The records below must be repeated exactly, but without their pictures.

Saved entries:
++++++++++++++++++++
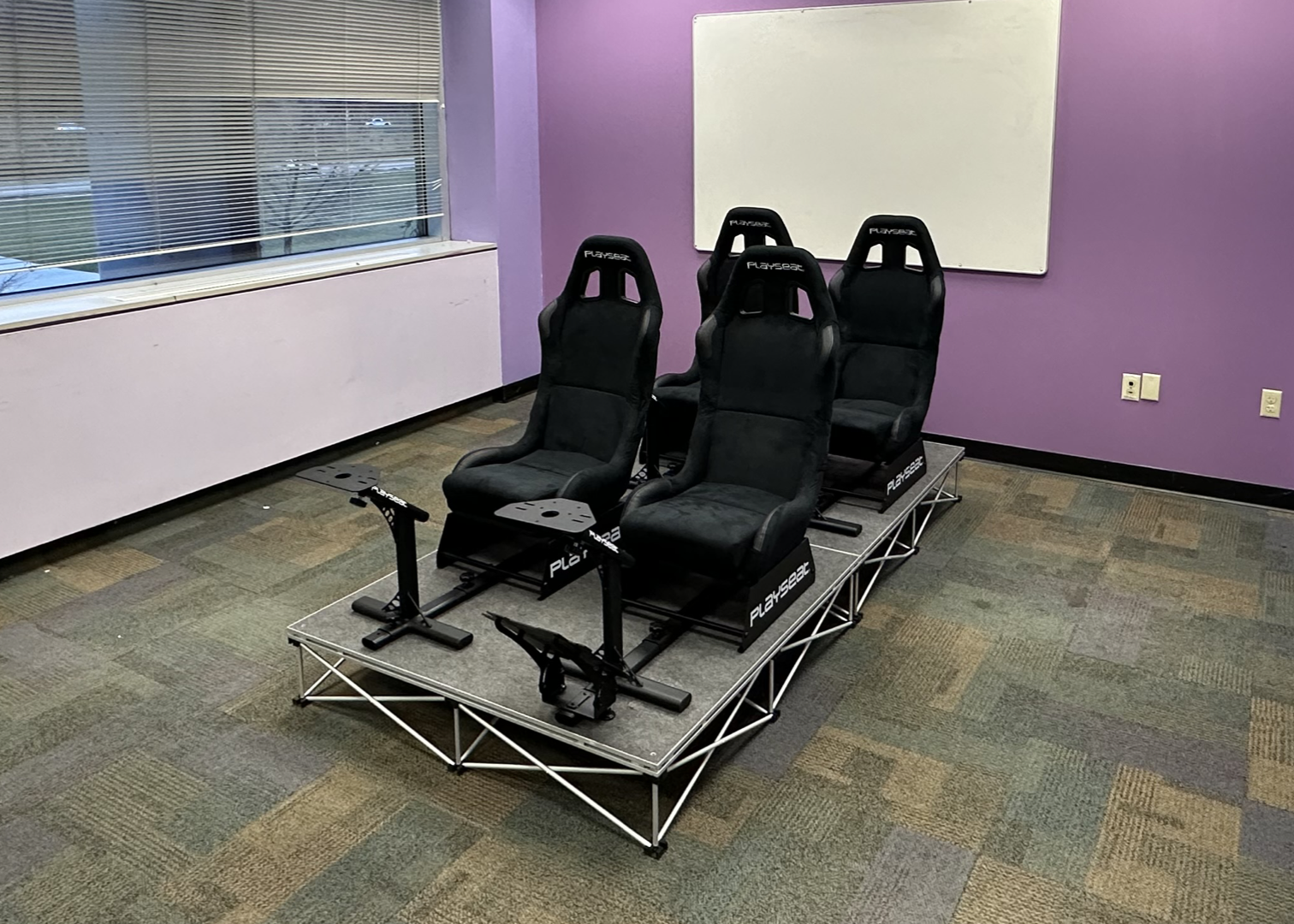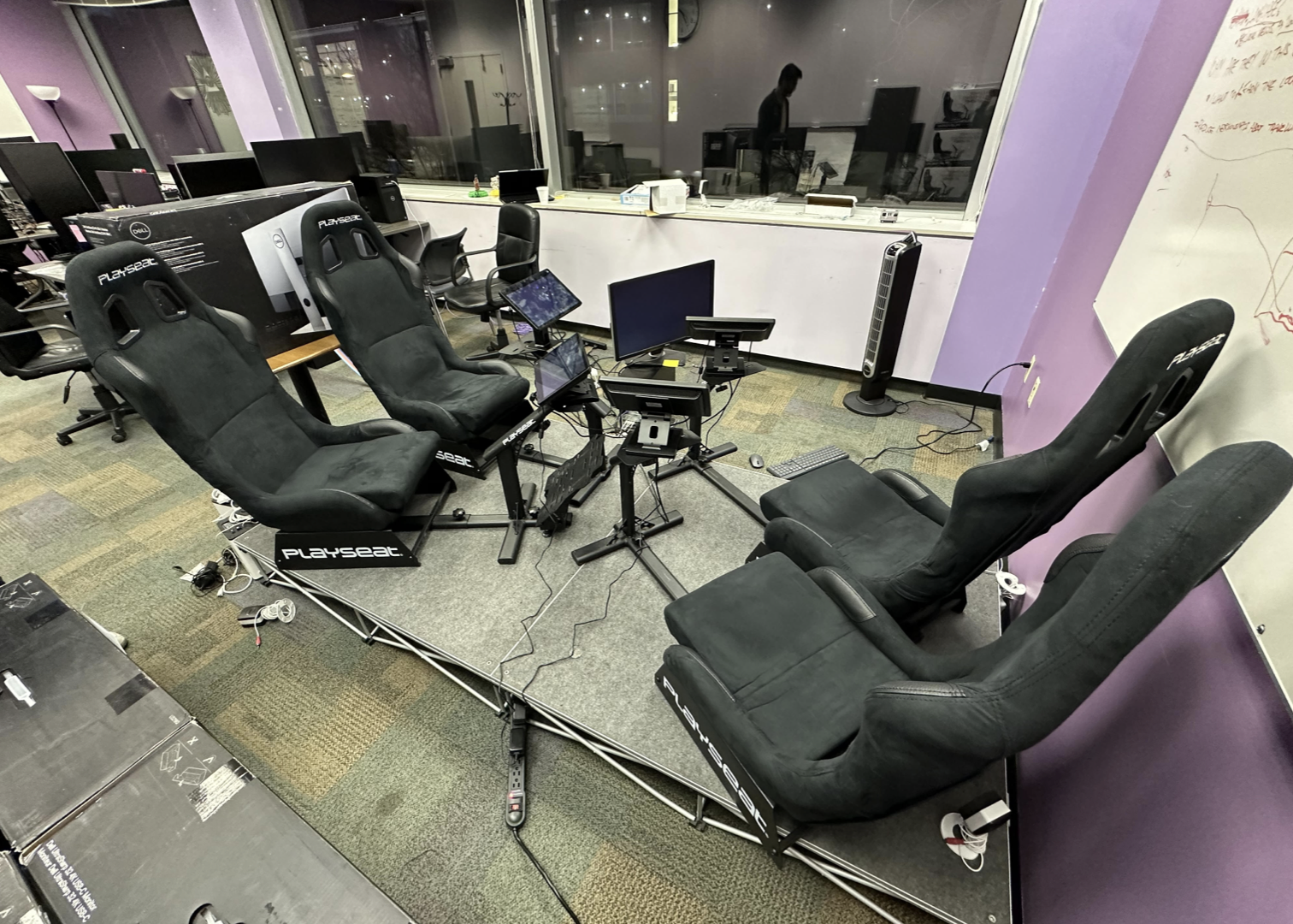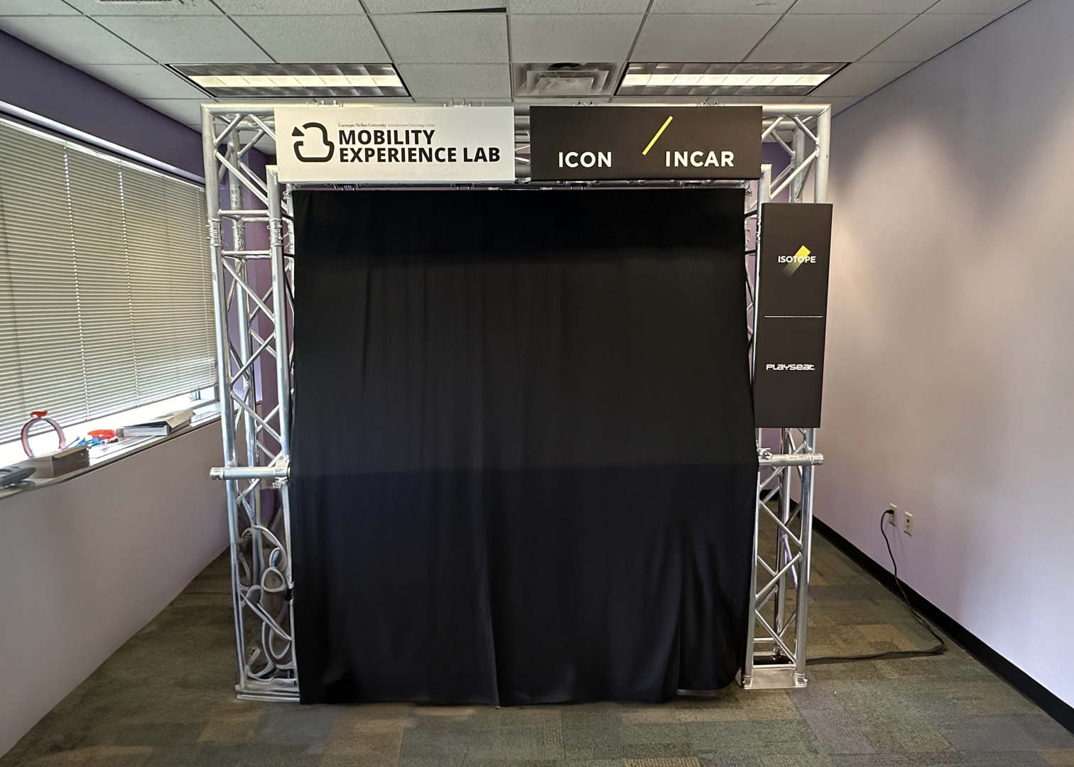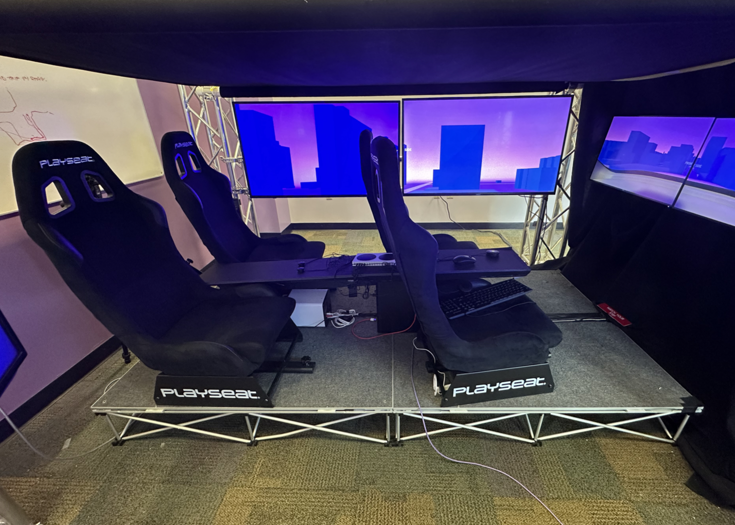 Before game development began students built a prototype bench to simulate an autonomous vehicle interior.
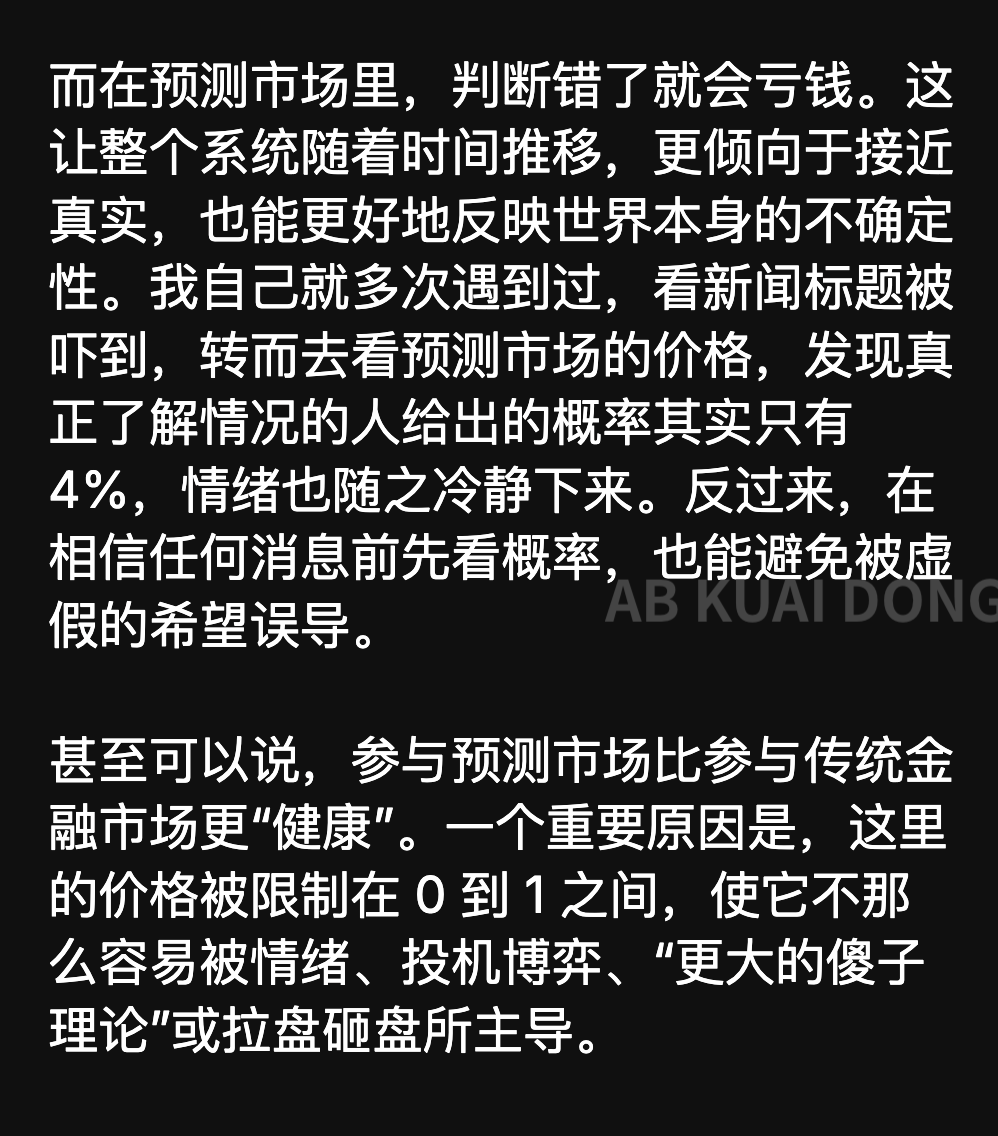 Because social media and news tend to exaggerate headlines and spread emotions more readily, prediction markets, where people wager real money, produce results closer to reality and are less susceptible to distortion by emotions and speculation.
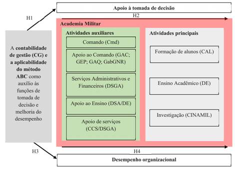 Desse modo, em conformidade com a revisão da literatura efetuada, com vista a responder à questão de investigação, importa avaliar como a contabilidade de gestão poderá contribuir para o apoio à tomada de decisão nos diversos níveis organizacionais e nas diversas atividades desenvolvidas, otimizando-se, assim, o desempenho organizacional. O modelo de investigação subjacente a esta investigação encontra-se descrito na Figura 5, propondo-se as seguintes hipóteses:
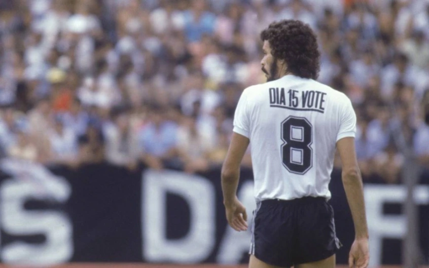 1984년에 직접선거를 촉구하는 전국민적 사회운동(Diretas já! - 지금 당장 직선제를!)이 벌어지자, 소크라테스는 이를 널리 알리기 위해 이 구호를 적은 머리띠를 매고 경기를 뛰기도 했다. 이윽고 독재 정권이 민주화를 위한 전국적인 총파업 운동에 굴복하고 대선 국민투표를 실시하기로 결정하자, 이번에는 투표일의 날짜를 유니폼에 써넣으며 전 국민의 투표 참여를 독려했다.
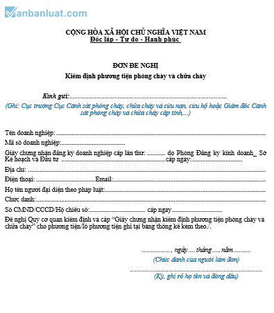 Đề nghị Quý cơ quan kiểm định và cấp “Giấy chứng nhận kiểm định phương tiện phòng cháy và chữa cháy” cho phương tiện/lô phương tiện ghi tại bảng thống kê kèm theo./.
++++++++++++++++++++
» RESPONSE AREA
 Before game development began students built a prototype bench to simulate an autonomous vehicle interior.
 Because social media and news tend to exaggerate headlines and spread emotions more readily, prediction markets, where people wager real money, produce results closer to reality and are less susceptible to distortion by emotions and speculation.
 Desse modo, em conformidade com a revisão da literatura efetuada, com vista a responder à questão de investigação, importa avaliar como a contabilidade de gestão poderá contribuir para o apoio à tomada de decisão nos diversos níveis organizacionais e nas diversas atividades desenvolvidas, otimizando-se, assim, o desempenho organizacional. O modelo de investigação subjacente a esta investigação encontra-se descrito na Figura 5, propondo-se as seguintes hipóteses:
 1984년에 직접선거를 촉구하는 전국민적 사회운동(Diretas já! - 지금 당장 직선제를!)이 벌어지자, 소크라테스는 이를 널리 알리기 위해 이 구호를 적은 머리띠를 매고 경기를 뛰기도 했다. 이윽고 독재 정권이 민주화를 위한 전국적인 총파업 운동에 굴복하고 대선 국민투표를 실시하기로 결정하자, 이번에는 투표일의 날짜를 유니폼에 써넣으며 전 국민의 투표 참여를 독려했다.
 Đề nghị Quý cơ quan kiểm định và cấp “Giấy chứng nhận kiểm định phương tiện phòng cháy và chữa cháy” cho phương tiện/lô phương tiện ghi tại bảng thống kê kèm theo./.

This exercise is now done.